ものごとは心にもとづき、心を主とし、心によってつくり出される。もしも清らかな心で話したり行ったりするならば、福楽はその人につき従う。──影がそのからだから離れないように。
すべての事象は心が主導し、心が作り出すものである。もし清らかな心で話し、あるいは行動するならば、影が形に寄り添って離れないように、幸福がその人に付き従う。

詳細解説

世俗の世界において、カルマ(業)は原因としても結果としても非常に重要な役割を果たします。しかし、それを形成する主な原動力は「心」です。心はすべての行動を指揮する司令官のような働きをします。したがって、カルマを生み出す行動は、身(身体)、口(言葉)、意(心)という三つの要素の密接な結びつきを通じて行われます。身体と言葉は、心の命令に従って実行するにすぎません。心は絶大な力を持っており、人生における成功や失敗、損得のすべては心が主導して作り出します。
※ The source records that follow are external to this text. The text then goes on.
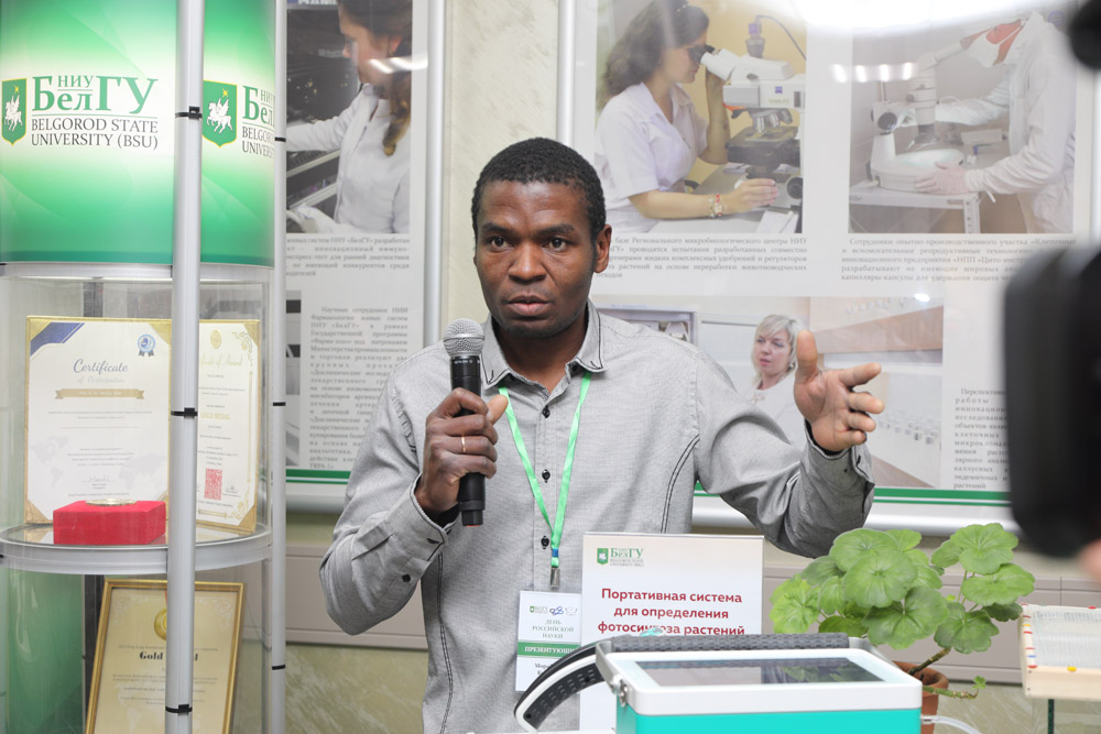Гости выставки смогли ознакомиться и с проектом по созданию в регионе карбонового полигона, реализуемого по программе «Приоритет-2030» на площадке Ботанического сада НИУ «БелГУ». О нём рассказал сотрудник сектора оранжерейных растений Морабандза Куму Буйа,
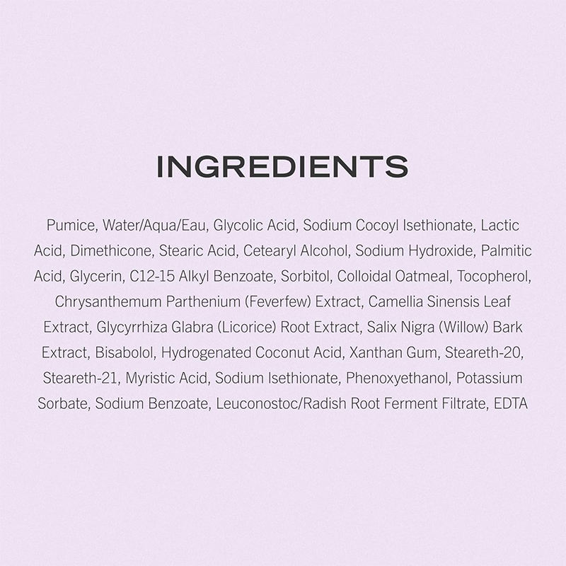 Acide salicylique, Aloe Vera, Glycérine, Acide glycolique, Pierre ponce, Huile de jojoba, beurre de karitéIngrédient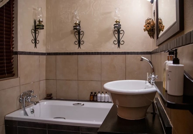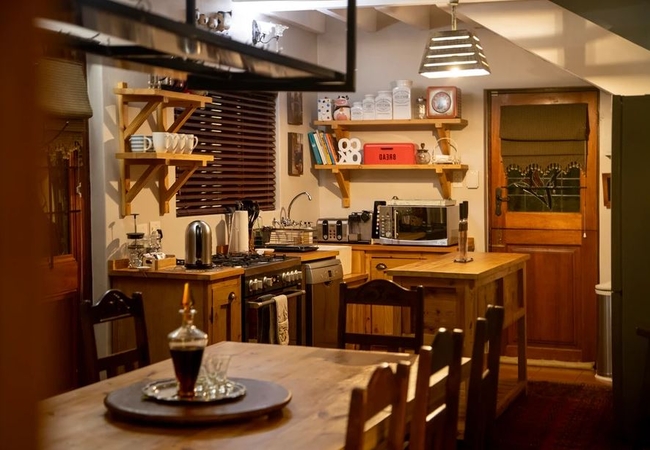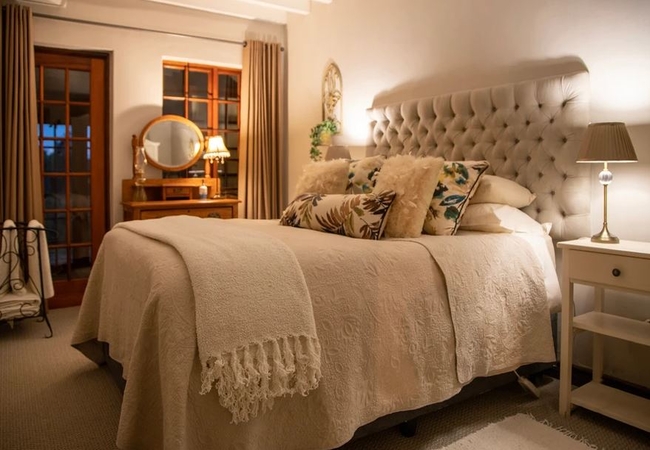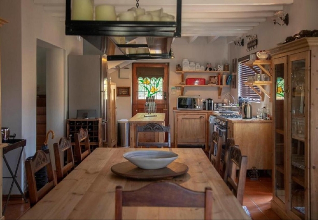 The Cottage is the epitome of luxury, with wood burning fireplaces, underfloor heating, a fully equipped country kitchen with dining area and fireplace and two patios (downstairs and upstairs) overlooking a lake and the Dullstroom mountains.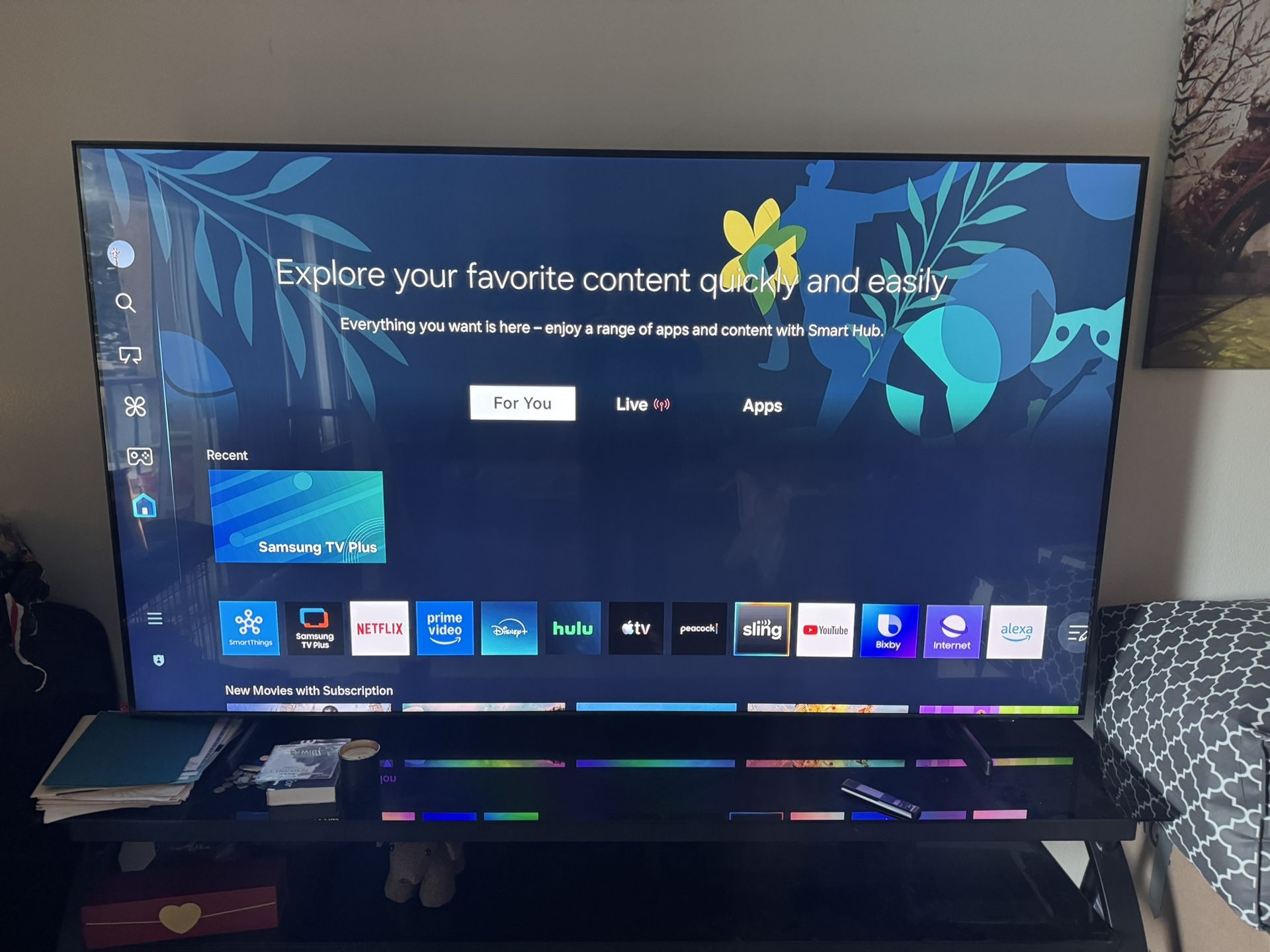 Voice activated remote it even still has the plastic over that screen because it’s that new. I haven’t even removed it. It was only turned on a few times ! And the glass 3 shelf stand it sits on . I don’t want to sell it, but due to something tragic I have to move out of the country. Come get it before December 25. I’m leaving the 26th in the morning.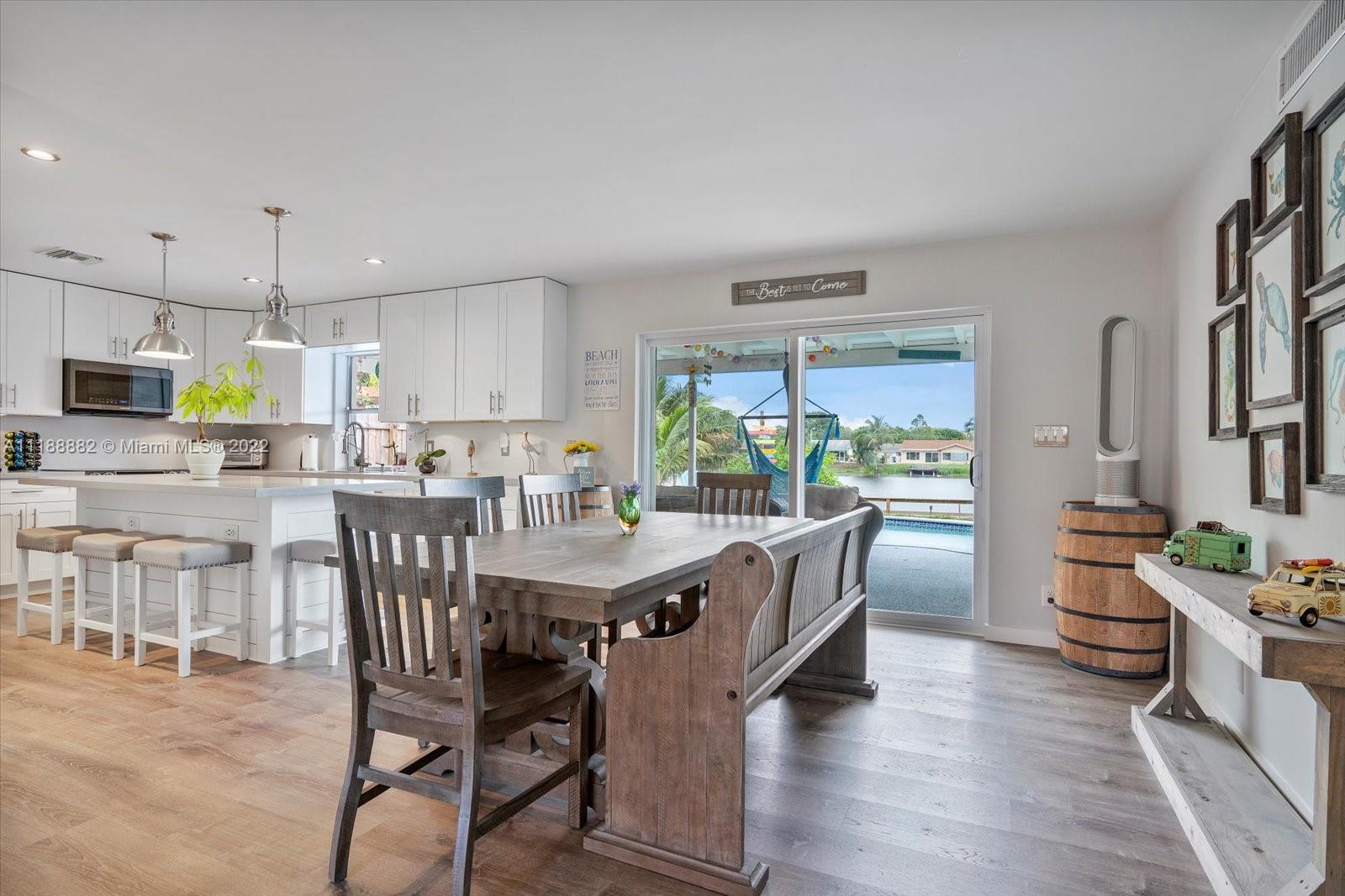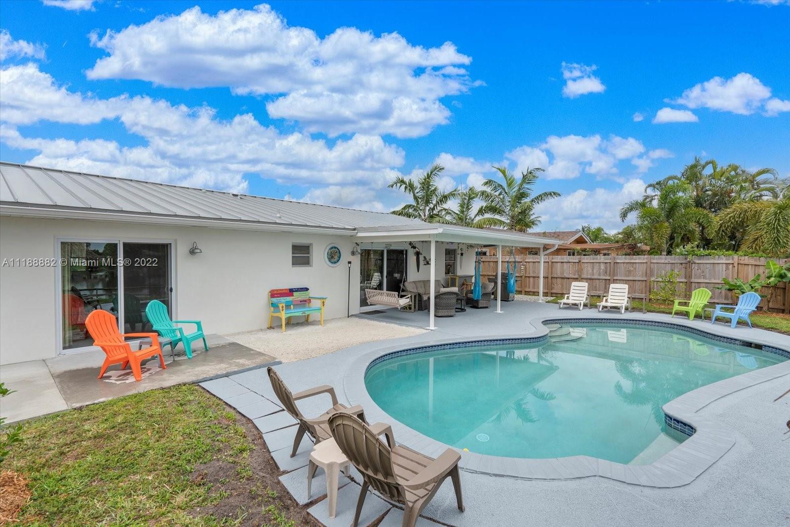 This is Waterfront living at its Best! Renovated 4 bedroom 2 bathroom home in Palm Aire Village is ready for your enjoyment. It has an open floor plan with water views, new flooring throughout, a brand-new kitchen & a new metal roof with a 50-year warranty. The kitchen features wood cabinets, stainless steel appliances, recessed lighting & quartz counters. The large primary suite has an amazing water view, access directly out to the pool & an expansive walk-in closet w/dressing area. Outside there’s a covered patio, pool, fruit trees & plenty of green space. Available w/furniture, exclusions apply. There’s plenty of parking with the garage and circular side driveway. Excellent neighborhood w/ NO HOA! Short Drive to the Beach, shopping, I-95 & the turnpike.

もし心が悪を思えば、身体と言葉に悪事を働かせ、世界で見られるような悲惨な暴力や人災といった壊滅的な結果をもたらします。逆に、心が善を思えば、自他に大きな利益をもたらす行動へとつながります。この対となる詩句において、ブッダは善と悪の二つの道筋を明確に示されています。善であれ悪であれ、心が主導してカルマを作り、それが因果の法則に従って結果をもたらすのです。それはまるで、車輪が牛の足跡に従うようなものです。ゆえに、私たちは城を長が守る兵士のように、自身の三業(身・口・意)を厳重に守らなければなりません。油断すれば城が奪われて破滅を招くように、心の怠惰は自他に大きな苦しみをもたらします。逆に、心を厳しく制御し清らかに保つことができれば、真の平安と悟りへと至ることができるのです。